Mock trial teams prepare for courtroom
Mock attorneys and witnesses from three county high schools are preparing for the 2014 Mock Trial Competition.
This year’s trial, which is the same for all participating schools in Pennsylvania, is “Kelly Simon as the administrator of the Estate of Jordan Simon -vs- Ruffed Grouse High School LLC.”
Henry and Christin Borger are the attorney advisors for Warren Area High School’s team of about a dozen students and Julia Dustin is the academic advisor.
Henry Borger said rehearsing for a play is “a pretty good analogy” for the practices.
“The schools received the case materials from the Pennsylvania Bar Association in late November or early December.
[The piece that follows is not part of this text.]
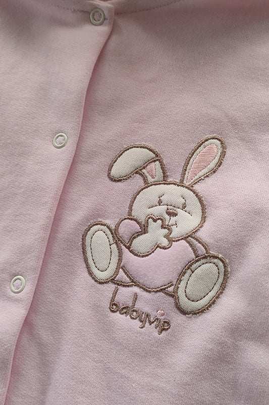 Pagliaccetto in cotone piquet elasticizzato con ricamo orsetto

We then held an organizational meeting to see which students are interested, and gave them the materials to read, review, study and spend time with,” he said.
Essentially, the case materials are documentation of a court case, listing the complaint, answer, testimony of witnesses, exhibits and everything that would be found in an actual case.
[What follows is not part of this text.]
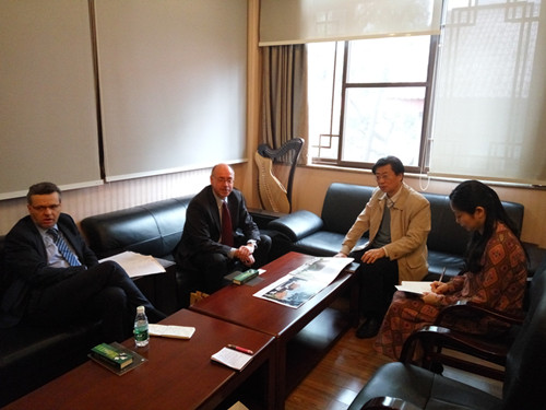 2016年4月7日德国驻成都总领事馆总领事施恪先生及副总领事马晏子先生等一行3人拜会beat365在线唯一官网。我院院长林戈尔教授向来访嘉宾详细介绍我院在建城市音乐厅及其附属文化设施的美好蓝图。该音乐厅的建成,将使我院拥有全国音乐艺术院校中最大的文化艺术设施;对于提高我院科研教学水平,并进一步促进成都打造中国音乐之都、艺术之都的宏伟目标都具有重要意义。林院长力邀德国顶级文化艺术团体在城市音乐厅落成之际来华交流演出,并就德国专家到我院讲学演出,及我院师生赴德交流学习、演出等领域作出了长远的规划。

He said the students are then asked to decide whether to be a witness, attorney or team member. The roles of attorneys, he noted, are more difficult and requires more experience than witness roles, with an understanding of how the process works.
They then have tryouts. “Student attorneys from previous years obviously have a leg-up on the role,” he said, adding that experience as a witness or team member can help with playing the role of an attorney in later years’ competition.
After assigning roles, they work for 10 days with the witness and attorneys, bringing out evidence, and formulating a theory of the case for both side.
When they have learned their roles, they do dry-runs through the case over a two- or three-day period, fine-tuning their presentations and learning how to handle and use objections.
He said, “The level of preparation is far more than any academic structure, and at the competitions you can clearly see the schools’ level of preparation for the competition,” noting that preparation is every bit as important for mock trials as it is for real ones.
He said that each school will have a plaintiff team and a defendant team, and to win a round schools must win both sides of a match.
The District 10 competitions will be held in Erie, sponsored by the Erie County Bar Association. The initial match-up will be Jan. 29 and Warren will be the defendant team versus Oil City High School’s plaintiff team, with Warren’s plaintiff team versus Youngsville High School’s defendant team.
There will likely be several rounds of competitions in District 10 before advancing to the next level, similar to high school sports. Borger said that last year, District 10 had three rounds.
In addition to Youngsville and Warren, students from Sheffield will also compete.